A few months ago I took in 3 male degus - they were in a bit of a state and hadnt had the best history. At the time I got them I needed to get housing quick and bought a pets at home degu/chinchilla cage with the plan of researching and buying a bigger better home.

A new feeding regime and more stimulation and interaction soon meant that they returned to their active inquisitive nature - if you are reading this and have never cared for degu's I cant reccomend them highly enough - they are funny, cute, intelligent, energetic interactive and communal!!!! - Please dont buy some from a store though - rescue some - there are plenty about.

Anyway after a fair bit of research I quickly came to realise that there wasnt an off the shelf solution that would I felt was adequate - so to me the answer seemed that making a cage - vivarium style and adapting venilation, configuration, size and chewability was the answer.

I posted a thread on here about it and a new member Smithomatic (Josh) soon got in touch and told me that he makes cages specifically for degus and that he would be happy to build something to my specs - with his expertese and advice in the mix.

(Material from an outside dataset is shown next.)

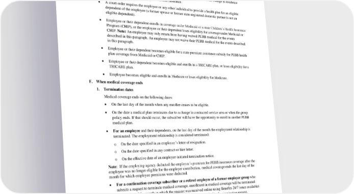 • Employee or their dependent has a change in enrollment under an employer-based group medical plan during its annual open enrollment that does not align with the PEBB Program’s annual open enrollment. • Employee’s dependent has a change in residence from outside of the United States to within the United States, or from within the United States to outside of the United States and the change in residence resulted in the dependent losing their health insurance. • A court order requires the employee or any other individual to provide a health plan for an eligible dependent of the employee (a former spouse or former state-registered domestic partner is not an eligible dependent). • Employee or their dependent enrolls in coverage under Medicaid or a state Children’s Health Insurance Program (CHIP), or the employee or their dependent loses eligibility for coverage under Medicaid or CHIP. Note: An employee may only return from having waived PEBB medical for the events described in this paragraph. An employee may not waive their PEBB medical for the events described in this paragraph. • Employee or their dependent becomes eligible for a state premium assistance subsidy for PEBB health plan coverage from Medicaid or CHIP. • Employee or their dependent becomes eligible and enrolls in a TRICARE plan, or loses eligibility for a TRICARE plan. • Employee becomes eligible and enrolls in Medicare or loses eligibility for Medicare. F. When medical coverage ends 1. Termination dates Medical coverage ends on the following dates: • On the last day of the month when any enrollee ceases to be eligible. • On the date a medical plan terminates due to a change in contracted service area or when the group policy ends. If that should occur, the subscriber will have the opportunity to enroll in another PEBB medical plan. • For an employee and their dependents, on the last day of the month the employment relationship is terminated. The employment relationship is considered terminated: o On the date specified in an employee’s letter of resignation. o On the date specified in any contract or hire letter. o On the effective date of an employer-initiated termination notice. Note: If the employing agency deducted the employee’s premium for PEBB insurance coverage after the employee was no longer eligible for the employer contribution, medical coverage ends the last day of the month for which employee premiums were deducted. • For a continuation coverage subscriber or a retired employee of a former employer group who submits a request to terminate medical coverage, enrollment in medical coverage will be terminated the last day of the month in which the request was received online using Benefits 24/7 (once available) or by the PEBB Program, or on the last day of the month specified in the termination request, whichever is later. If the request is received on the first day of the month, medical coverage will be terminated on the last day of the previous month. Exception: When a subscriber or their dependent is enrolled in a Medicare Advantage or Medicare Advantage Prescription Drug plan, the medical plan enrollment will terminate on the last day of the month when the PEBB Medicare Advantage Plan Disenrollment form (form D) is received. PEBB_CA_2024 58

Josh has been keeping degus for some time and has his own site. *Degu Chronicles - Degu Chronicles

Have a mooch it is really helpful and you will see the plans and a short video about my cage!!!.

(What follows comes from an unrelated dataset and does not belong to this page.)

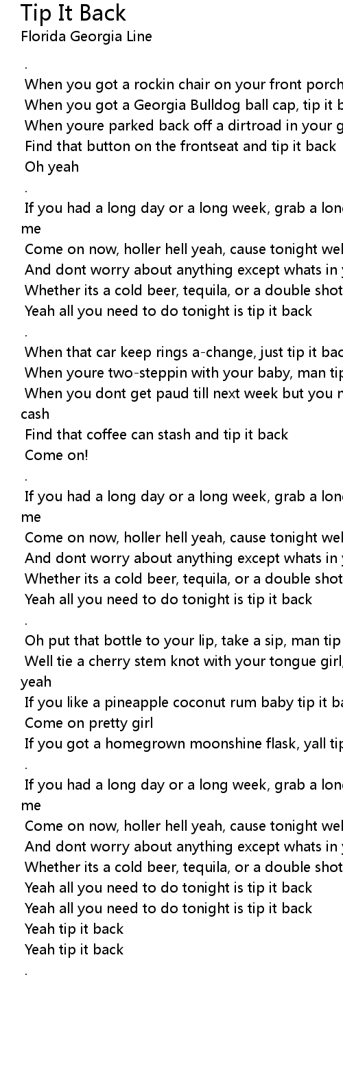 Oh put that bottle to your lip, take a sip, man tip it back |

So with a few emails and photos and phone calls - Josh built this for me - the degus love it - I will get more pics over the xmas period - their behaviour has changed - much more natural. I still need to paint the outside and add some more internal stuff - I had the cage built on legs so that the dogs werent involved - it has glass doors and the degus can access all the levels. all the wooden corners and edges inside are covered with metal to stop gnawing -

I believe Josh will be building these and other cages for furries and also vivs for snakes and lizards commercially - He has my endorsement - he is skilled, creative, knowledgeable, genuine and honest!


----------



## Bradleybradleyc (May 7, 2012)

Can the degu use all the levels ? Or just a stack system


----------



## sharpstrain (May 24, 2008)

Bradleybradleyc said:


> Can the degu use all the levels ? Or just a stack system



yes they can access all levels - there are access holes on all levels so that the whole viv is accessable. if you look you can just see one of the access holes in the second pic

There are 4 levels in total - the bottom has a half level then the rest are full floors -


----------



## Bradleybradleyc (May 7, 2012)

sharpstrain said:


> yes they can access all levels - there are access holes on all levels so that the whole viv is accessable.
> 
> There are 4 levels in total - the bottom has a half level then the rest are full floors


Nice very spacious homes then, I had to ask :notworthy:


----------



## kato (May 12, 2007)

Think the Thread Title is more apt now.:whistling2::Na_Na_Na_Na:


----------



## sharpstrain (May 24, 2008)

kato said:


> Think the Thread Title is more apt now.:whistling2::Na_Na_Na_Na:


 
Thank you - I mis typed the first time:2thumb:


----------



## feorag (Jul 31, 2007)

I think that looks excellent - loving the multi-storeys, so much more exciting than a single level house!


----------



## x Sarah x (Nov 16, 2007)

Looks great! Wish i could afford something like that for the Duprasi except maybe stacked as unlike degu's, they are not social! :2thumb:


----------



## Cavetroll87 (Oct 3, 2012)

That looks really neat, congrats, I built a new home for my other halfs Degus a couple of years ago and that had 3 levels plus shelves, doesnt look half as nice as yours tho lol


----------